FIE Press Release 3 Nov 2013: Marine Harvest Irish third quarter loses €4 million to ‘exceptional mortalities’

Marine Harvest Irish third quarter loses €4 million to ‘exceptional mortalities’



Marine Harvest Irish third quarter loses €4 million to ‘exceptional mortalities’

Environmentalists claim losses show economic failure of open cage salmon farming.

Marine Harvest, the Norwegian company who produce 80% of Ireland’s farmed salmon, have reported production down by 36% with exceptional losses of €4 million for 2013 Q3. Overall, the company posted loses of €2.7 million for the quarter, the only Marine Harvest operation internationally to report losses.

The details are given in the company’s third quarter Report, published last week. The Report refers to ‘challenging conditions’ in Ireland and gave ‘exceptional mortality’ as the cause of the loses.

Disease, parasites, and adverse biological events are cited.

A spokesman for Friends of the Irish Environment said that ‘The industry is beginning to accept that closed containment systems, which are now coming into production around the world, are the only way forward. By separating the farmed fish from the natural environment, disease and parasites can be controlled without adverse effects on other species and the effluent recycled rather than polluting local waters.’

Marine Harvest Third Quarter Report

Click to access 582554.pdf

Verification and comment: Tony Lowes 027 74771 087 2176316

Editors Notes

Highlights of the Marine Harvest Third Quarter Report

Sea lice (page 14), high occurrences of algae blooms and jelly fish as well as Pancreatic Disease [PD] and Amoebic Gill Disease AGD are cited (pages 12).

Exceptional items, given as mortality, are €4 million (page 24) for overall loses of €2.7 million (page 4).

The third quarter report notes that record sea water temperatures of 21 degrees (page 11) were a factor in the proliferation of parasites and disease and may be connected to the increase in algae blooms and jellyfish.

It says ‘High seawater temperatures have contributed to lice levels above the 2012 level in Scotland and Ireland’, (page 14) pointing out that as with the rest of the industry, Marine Harvest has a limited insurance coverage against adverse biological events.

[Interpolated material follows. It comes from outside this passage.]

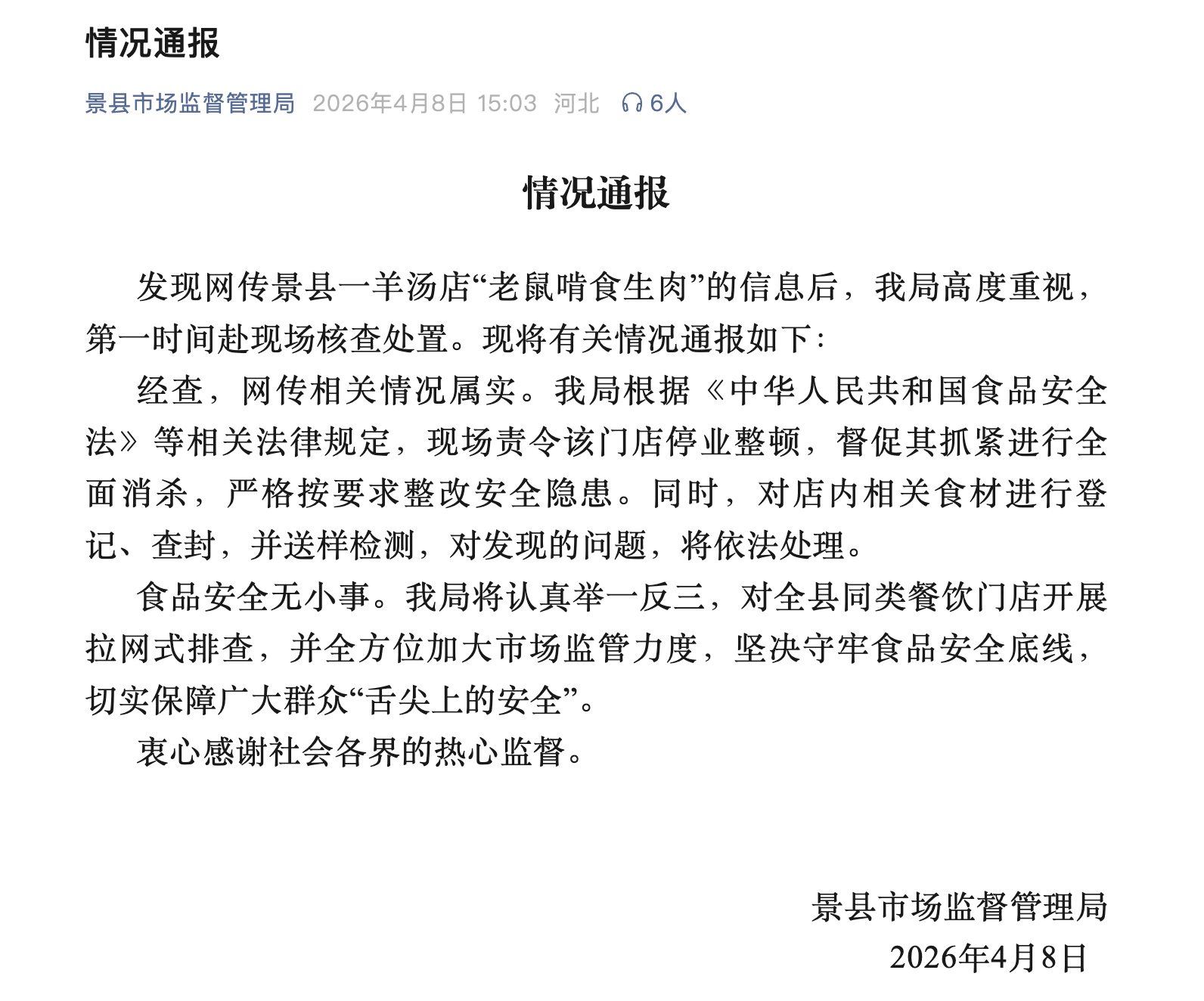 4月8日,景縣市場監(jiān)督管理局發(fā)布情況通報稱,發(fā)現(xiàn)網(wǎng)傳景縣一羊湯店“老鼠啃食生肉”的信息后,該局高度重視,第一時間赴現(xiàn)場核查處置。現(xiàn)將有關(guān)情況通報如下:

Gill Disease [AGD] (page 14)
AGD is now present on many Irish salmon farms, reducing fish appetite and so uptake of in–feed chemicals required to control parasites

Control of AGD requires bringing well boats containing fresh water to the farms and bathing the fish for three hours. The additional costs are substantial.

The company has two planning applications before local authorities on Clare Island and West Cork for impoundment areas to collect fresh water for the treatment. Cork County Council’s grant of planning permission has been appealed by the charity An Taisce.

Environmentalists have pointed out that aside from the impact of sea lice on returning wild salmon, turbot, bass, bream, sea urchins and crabs are vulnerable to AGD, putting at risk native industries.

Pancreas disease (page 11).
Pancreas disease (PD) is currently the most serious of the viral infections affecting Norwegian farmed salmon and was present for the first time in Ireland during 2013, severely affecting two sites. The disease leads to increased mortality, weight loss and low fish product quality. It therefore has a significant influence on fish welfare and on profitability in the aquaculture industry.

Both infected and dead salmon can shed the salmonid pancreas disease virus into the sea. Recent research shows how the virus particles can be spread by the wind and ocean currents from one fish farm to the next along the coast.


One thought on “FIE Press Release 3 Nov 2013: Marine Harvest Irish third quarter loses €4 million to ‘exceptional mortalities’

  1. Just for general information.
    Marine Harvest is not Norwegian, it is quoted on the Oslo Stock Exchange but it is 70% owned by Non-Norwegians.